Plotting EMG Data

This tutorial covers the plotting functions provided by the intan.plotting module for visualizing EMG and analog data acquired from Intan devices.

You can use these plotting functions on data loaded from .rhd or .dat files using the intan.io module.

First, load your data from an .rhd file:

from intan.io import load_rhd_file
result = load_rhd_file()  # Opens a file dialog to select a .rhd file

emg_data = result['amplifier_data']                # (num_channels, num_samples)
t_s = result['t_amplifier']

# Optional: load analog data if present
analog_data = result.get('board_adc_data')         # (num_channels, num_samples)
t_analog = result.get('t_board_adc')                   # (num_samples,)

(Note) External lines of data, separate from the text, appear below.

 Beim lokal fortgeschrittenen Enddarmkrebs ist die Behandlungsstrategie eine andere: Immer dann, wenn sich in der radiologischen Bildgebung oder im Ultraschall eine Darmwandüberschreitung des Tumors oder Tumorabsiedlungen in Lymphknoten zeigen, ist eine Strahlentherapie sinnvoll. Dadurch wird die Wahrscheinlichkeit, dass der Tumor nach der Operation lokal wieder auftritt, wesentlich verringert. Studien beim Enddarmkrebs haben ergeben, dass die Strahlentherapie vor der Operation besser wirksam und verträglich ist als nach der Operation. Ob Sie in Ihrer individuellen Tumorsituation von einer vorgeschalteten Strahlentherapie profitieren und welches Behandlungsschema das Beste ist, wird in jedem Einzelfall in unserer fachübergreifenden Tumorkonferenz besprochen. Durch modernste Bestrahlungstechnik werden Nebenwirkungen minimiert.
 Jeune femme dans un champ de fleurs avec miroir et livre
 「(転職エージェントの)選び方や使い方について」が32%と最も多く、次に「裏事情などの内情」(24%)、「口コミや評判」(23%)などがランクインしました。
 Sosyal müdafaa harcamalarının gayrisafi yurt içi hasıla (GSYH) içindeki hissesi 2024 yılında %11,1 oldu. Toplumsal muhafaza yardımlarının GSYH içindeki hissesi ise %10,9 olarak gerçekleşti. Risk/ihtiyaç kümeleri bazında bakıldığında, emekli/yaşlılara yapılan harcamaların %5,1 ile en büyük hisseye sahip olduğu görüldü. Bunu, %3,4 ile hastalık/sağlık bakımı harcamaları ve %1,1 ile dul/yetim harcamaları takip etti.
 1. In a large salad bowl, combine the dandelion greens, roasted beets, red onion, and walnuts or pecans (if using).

Plot a Single Channel by Name

If you know the channel’s native name (e.g., “A-005”), use plot_channel_by_name:

from intan.plotting import plot_channel_by_name

# Get the name of the 5th channel
ch_name = ch_info[4]['native_channel_name']
plot_channel_by_name(ch_name, result)

Plot a Single Channel by Index

You can also plot by index directly:

from intan.plotting import plot_channel_by_index

plot_channel_by_index(8, result)   # Plots channel index 8

Plot Any Signal with plot_figure

The plot_figure function is a generic plotter for any 1D signal, including EMG or analog input:

from intan.plotting import plot_figure

# Plot the first EMG channel
plot_figure(emg_data[0], t_s, "EMG Channel 0", x_label="Time (s)", y_label="Amplitude (µV)")

# If analog data is present, plot the first analog channel
if analog_data is not None:
    plot_figure(analog_data[0], t_s, "Analog Channel 0", x_label="Time (s)", y_label="Voltage (V)")

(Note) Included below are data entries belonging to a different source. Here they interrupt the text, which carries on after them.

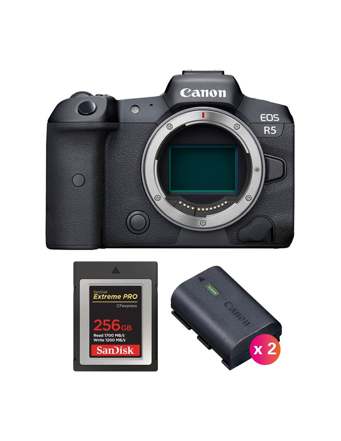 Canon EOS R5 Cuerpo + SanDisk 256GB Extreme PRO CFexpress Type B + 2 Canon LP-E6NH - Camara mirrorless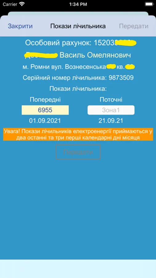 • передавати поточні покази лічильника електричної енергії
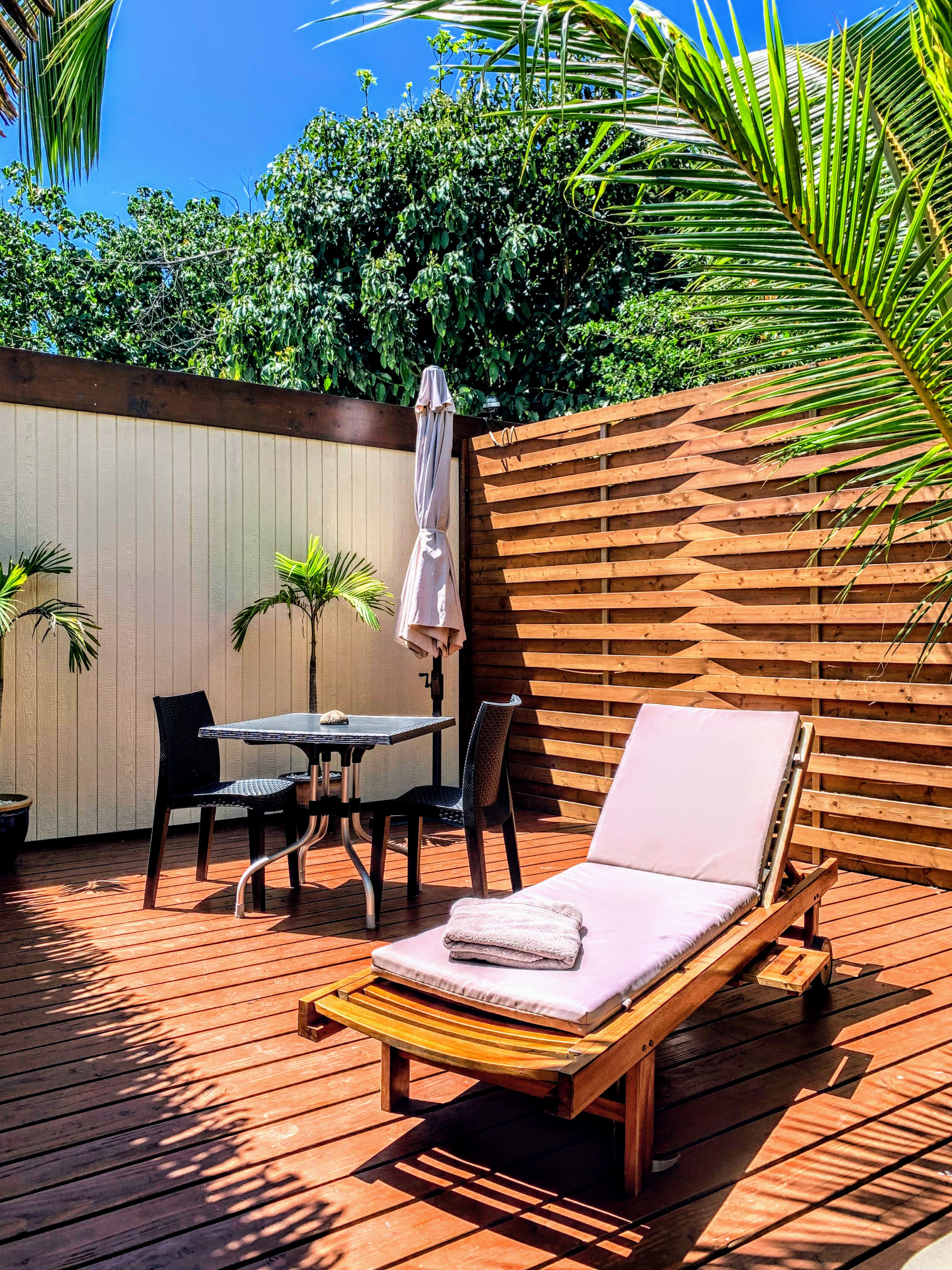 Just Relax Inn le ofrecerá un ambiente suave y acogedor. El bungalow tiene aire acondicionado y tiene capacidad para 4 personas cómodamente. Apreciará la elegancia del lugar mezclada con el encanto de las islas. La terraza privada y su jacuzzi serán sin duda tu lugar favorito. Un verdadero Jardín del Edén con ambientes vegetales y envolventes acompañará sus veladas.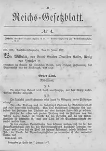 In 1871, the court attained minor additions to its subject-matter competence. It was now also responsible for the law of the Flösserei (timber rafting), some copyright law and tort liability concerning the operation of railways.[19] After the defeat of France in the Franco-Prussian War, Alsace–Lorraine became part of the German Empire. This territorial gain started the process of expanding the court's subject-matter jurisdiction beyond the confines of commercial law.[20] Shortly after the war, a law dated 14 June 1871 was passed which established the court as the supreme court for Alsace–Lorraine effective 28 August 1871.[21] The court thereby took the place of the French Court of Cassation in Paris for all cases stemming from this territory.[14][21][22] This was of major importance because the court was now competent to hear criminal cases from this territory and was thus in a position to rule on the new German Criminal Code of 1871.[23]

Waterfall Plot (Multi-channel Visualization)

To visualize activity across many EMG channels simultaneously, use waterfall:

from intan.plotting import waterfall

# Plot channels 64 to 127 in a waterfall plot
waterfall(emg_data, range(64, 128), t_s, plot_title='Intan EMG data')

Summary

These functions make it easy to visualize both raw and processed EMG/analog signals from Intan recordings. You can quickly inspect data quality, channel names, and signal characteristics for further analysis.

For more advanced usage (such as real-time streaming plots), see the corresponding tutorials.